PCIe provides four types of transactions that originate at the transaction layer: memory,
I/O, configuration, and message. In general, memory transactions are the basic method of
transferring data. I/O transactions are provided for backward compatibility with PCI (which
provided them for backward compatibility with ISA) and are not recommended for future
use. Configuration transactions are similar to those of the same name in the PCI bus and
are used by the root complex to configure the system upon power-up. Message transactions
are new and are used to send interrupts and error conditions, as well as other information
through the fabric. Transactions can be further classified as posted, non-posted, and
completion. A memory write operation is an example of a posted transaction since it does
not require a response from the destination. A memory read request is a non-posted
transaction that will later cause a completion transaction with the read data. The completion
transaction is initiated by the destination when the read data is available.
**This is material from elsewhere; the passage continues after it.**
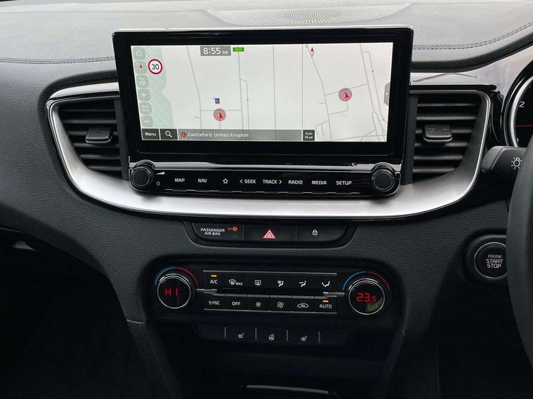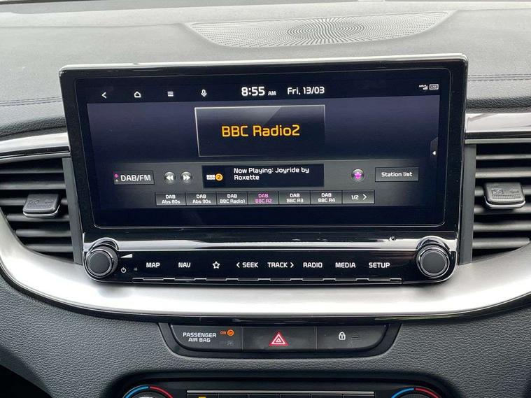 10.25" touchscreen satellite navigation, 4.2" supervision colour cluster display, Apple car play/Android Auto with voice control, Bluetooth with Voice Recognition & Music Streaming, Drive mode select (Normal and Sport), Driver attention warning + (DAW) with leading vehicle departure warning, Emergency call service, Emergency stop signalling system, Forward Collision-Avoidance Assist (FCA) - City/Pedestrian/Cyclist, Kia connect UVO, Lane Following Assist (LFA), Lane keep assist, Manual speed limit assist, Motor driven power steering, Rear parking sensor, Reversing camera system with dynamic guidelines (Integrated into centre fascia screen), Smart cruise control with stop/go functionality, Trip computer, Intelligent Stop and Go, 6 speaker audio system, DAB Radio with MP3, Illuminated USB ports, Steering wheel mounted controls, USB Fast Charger in Front Centre Console, USB type A port, All-round Electric Windows with Front Auto Up & Down Function, Auto dimming rear view mirror, Automatic defog system, Automatic headlights control, Body colour bumpers, Body colour door mirrors, Body colour exterior door handles, Body colour rear roof spoiler, Chrome window surround, Electric adjustable/heated/folding door mirrors with LED Indicators, Heated rear window with timer, High beam assist, High gloss black and white chrome coated radiator grille, LED daytime running lights, LED front fog lights, LED Headlights, LED High-mounted Brake Light, LED rear combination lights, Privacy glass (rear side windows and tailgate), Rain sensing front wipers, Rear side wing doors, Rear wash/wipe, Roof rails, Tinted glass, Wide view drivers door mirror, Windscreen Washer Level Warning, 1 x Front 12V socket, 12V power socket in luggage compartment, 3 seat bench in 2nd row, 3 x passenger assist grips, 60/40 split folding rear seat, All-round height adjustable headrests, Centre console storage box/armrest, Cloth upholstery with faux leather bolsters, Cupholders in centre console, Cupholders in rear armrest, Dash illumination dimmer switch, Door courtesy lamps, Driver & Front Passenger Sunvisors with Vanity Mirror Illumination & Ticket Holder, Driver + front passenger electric lumbar support, Driver's seat height adjuster, Dual Height Luggage Area Floor, Dual zone automatic air conditioning, Faux leather door centre trim, Front and rear door storage, Front cabin map light with sunglasses case, Front Passenger Seat Height Adjuster, Front seat back pockets, Heated front seats, Heated steering wheel, Interior door lock/unlock function, ISOFIX Child seat top tethers and anchor fixings, Leather handbrake, Leather trimmed steering wheel, Luggage area light, Luggage area parcel shelf, Luggage hooks, Rear centre armrest, Rear coat hooks, Single front passenger seat, Tilt/telescopic adjustable steering wheel, All round 3-point seatbelts, Anti-lock braking system (ABS), Brake assist system, Dual front side airbags, Dual horn, EBD - Electronic brakeforce distribution, Electronic parking brake, Electronic stability control (ESC) and vehicle stability management (VSM), Front passenger airbag cut-off switch, Height adjustable front seatbelts, Hill start assist control (HAC), Impact sensing auto door unlocking, Rear door child safety locks, Seatbelt reminder warning, Twin curtain airbags, Twin front airbags, Tyre pressure monitoring system, Alarm system, Engine Immobiliser & Deadlocks, Engine Start/Stop Button with Smart Entry System, Locking wheel nuts, Speed sensitive auto door locking, Satin Chrome Fascia Trim, 17" Alloy wheels, Tyre mobility kit,

Both I/O read and
I/O write are non-posted transactions, as are configuration read and write. Message
transactions are of type posted.


Flow Control


PCIe implements a point to point (not end to end) credit policy for managing buffers. The
data link layer sends Data Link Layer Packets which indicate the amount of receiver buffer
space available in units of credits. The transmitter must ensure that the buffer space is not
exceeded prior to commencing a transmission.